Em uma cidade do interior de algum lugar, havia uma casa cercada de plantação de brócolis. A família que lá morava não era bem uma família inteira. Uma menina de 7 anos, que cuidava da horta depois de acabar os estudos de matemática e português na escola caindo os pedaços do fim da rua. Uma vovó de 70 anos, que fazia café e bolo todos os dias e passeava pela casa carregando sua pesada idade sobre os ombros frágeis.
Para os vestidos de renda da formosa menininha, a velhinha bordava lindas margaridas amarelas e costurava paetês vermelhos.
Uma certa manha a menina acordou e não tinha cheiro de café e bolo pela casa. A vó estava na cama, encostada sobre uma pilha de travesseiros. Fechada entre os dedos de sua mão direita, um punhado de paetês e linha. Um vestido de bordado incompleto sobre a poltrona do canto do quarto. O sol branco da manha iluminava as rugas macias do rosto da velha. Seus olhos abertos, cobertos por uma gelatinazinha azul, parecia fitar a extensa plantação de brócolis pela janela.
Confusa, a menina senta-se na beirada da cama e aperta levemente a perna da avó, que imóvel permanece. Em meio segundo a informação da morte percorre todo o corpo infantil dessa pequena figura de cabelos despenteados pelo sono recém abortado.
Ela se levanta.
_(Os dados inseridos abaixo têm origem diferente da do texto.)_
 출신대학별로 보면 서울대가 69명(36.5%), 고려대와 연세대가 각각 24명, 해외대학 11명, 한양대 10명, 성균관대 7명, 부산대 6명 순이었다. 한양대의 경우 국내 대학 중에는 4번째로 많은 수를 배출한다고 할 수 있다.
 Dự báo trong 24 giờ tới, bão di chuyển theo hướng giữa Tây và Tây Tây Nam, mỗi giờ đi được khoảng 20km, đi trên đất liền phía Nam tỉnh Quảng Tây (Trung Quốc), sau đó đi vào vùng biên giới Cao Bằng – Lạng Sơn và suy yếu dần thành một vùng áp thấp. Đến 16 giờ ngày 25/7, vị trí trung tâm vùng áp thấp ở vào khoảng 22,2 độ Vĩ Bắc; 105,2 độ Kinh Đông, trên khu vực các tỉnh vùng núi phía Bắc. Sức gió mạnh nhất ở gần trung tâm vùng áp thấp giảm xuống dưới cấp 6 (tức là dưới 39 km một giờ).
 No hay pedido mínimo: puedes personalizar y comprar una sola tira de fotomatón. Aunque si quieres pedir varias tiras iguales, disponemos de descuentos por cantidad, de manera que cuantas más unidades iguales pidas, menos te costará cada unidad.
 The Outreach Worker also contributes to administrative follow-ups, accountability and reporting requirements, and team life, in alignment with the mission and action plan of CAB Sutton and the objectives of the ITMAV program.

Na cozinha o bolo duro e o café frio da manha de ontem. O silencio incomodo cutucava seus ouvidos. Nesta manha ela não iria comer, não iria ao colégio estudar matemática.
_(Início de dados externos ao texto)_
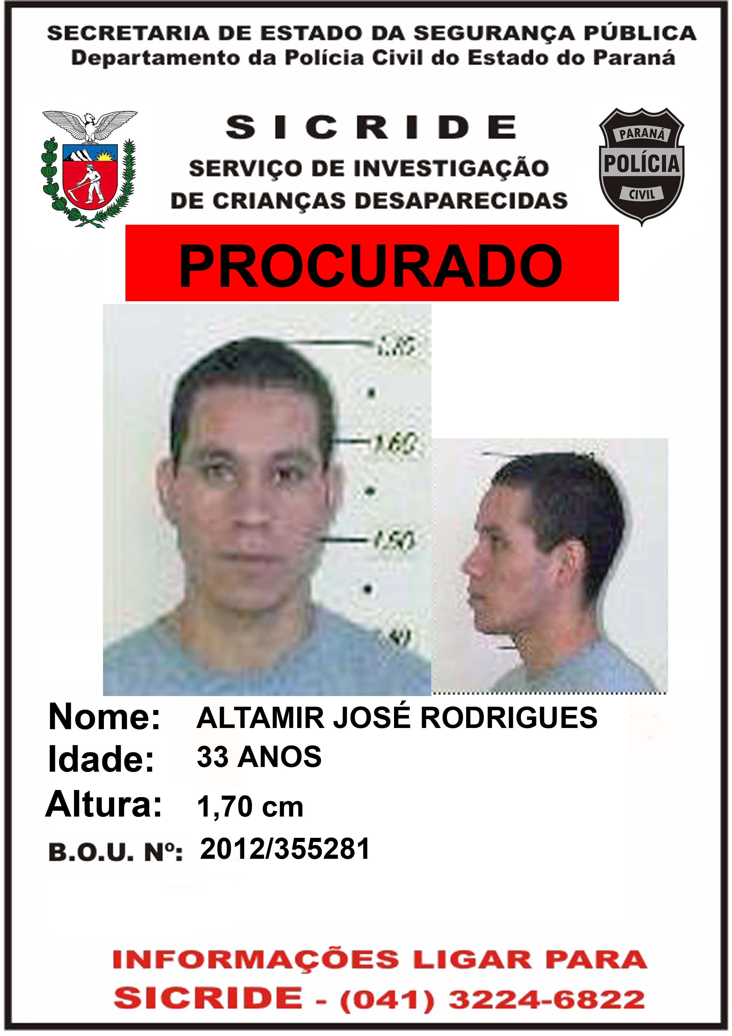Registrar Boletim de Ocorrência de pessoa desaparecida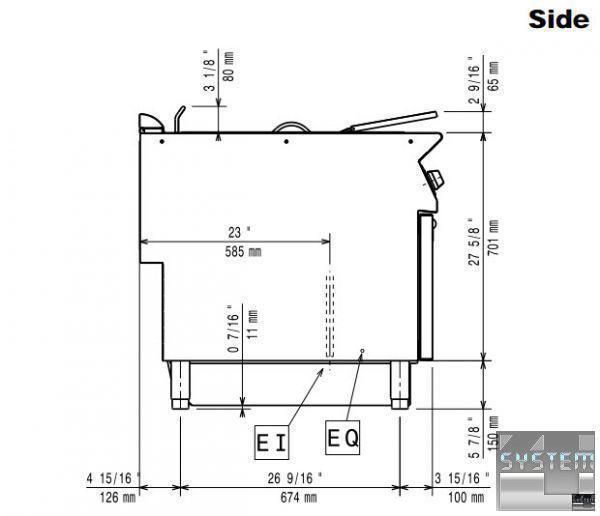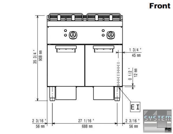 Електрична фритюрниця Electrolux e9freh2jf0 має дві ванни об'ємом по 23л max і 21л min. Внутрішні нагрівальні елементи, регулювання температури 105...185°С, глибока холодна зона, термостат безпеки, інфрачервоні нагрівальні елементи , в комплекті з 4-ма кошиками 1/2, кришкою та контейнером для збирання жиру, виконання на закритій основі. Робоча поверхня завтовшки 2мм з нерж. харчової сталі AISI304 з поліруванням Scotch Brite . Фритюрниця з базою має габаритні розміри: 800мм (довжина), 930мм (глибина), 850мм (висота) та важить 115кг. Пристрій живиться від трифазної мережі з напругою 400В та частотою 50 Гц.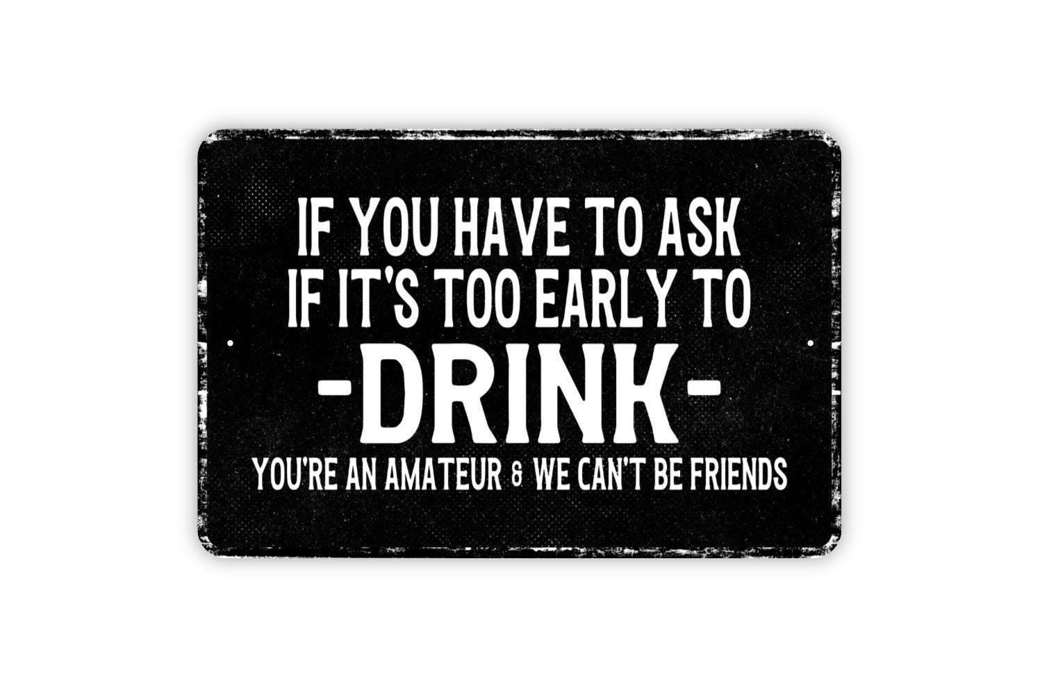 If You Have To Ask If It’s Too Early To Drink You’re An Amateur And We Can’t Be Friends Sign Metal Wall Art or Vinyl Sticker Funny Bar Decor

De volta ao quarto, seu rosto determinado encara os paetês que brilham, sutilmente, entre os dedos da velhinha. Em três dias ela terminaria o vestido. E no quarto ela prepararia café e bolo. Na quinta tarde solitária sairia pela porta, depois de ter despejado gasolina por toda a casa, e riscaria um fósforo curto. Enquanto a fumaça subia pelas paredes de madeira fraca da antiga casa, a menina, ajoelhada no meio da plantação, arremessava paetês vermelhos ao alto, de bocado em bocado, e o vento os distribuía em uma faixa que traçava o terreno.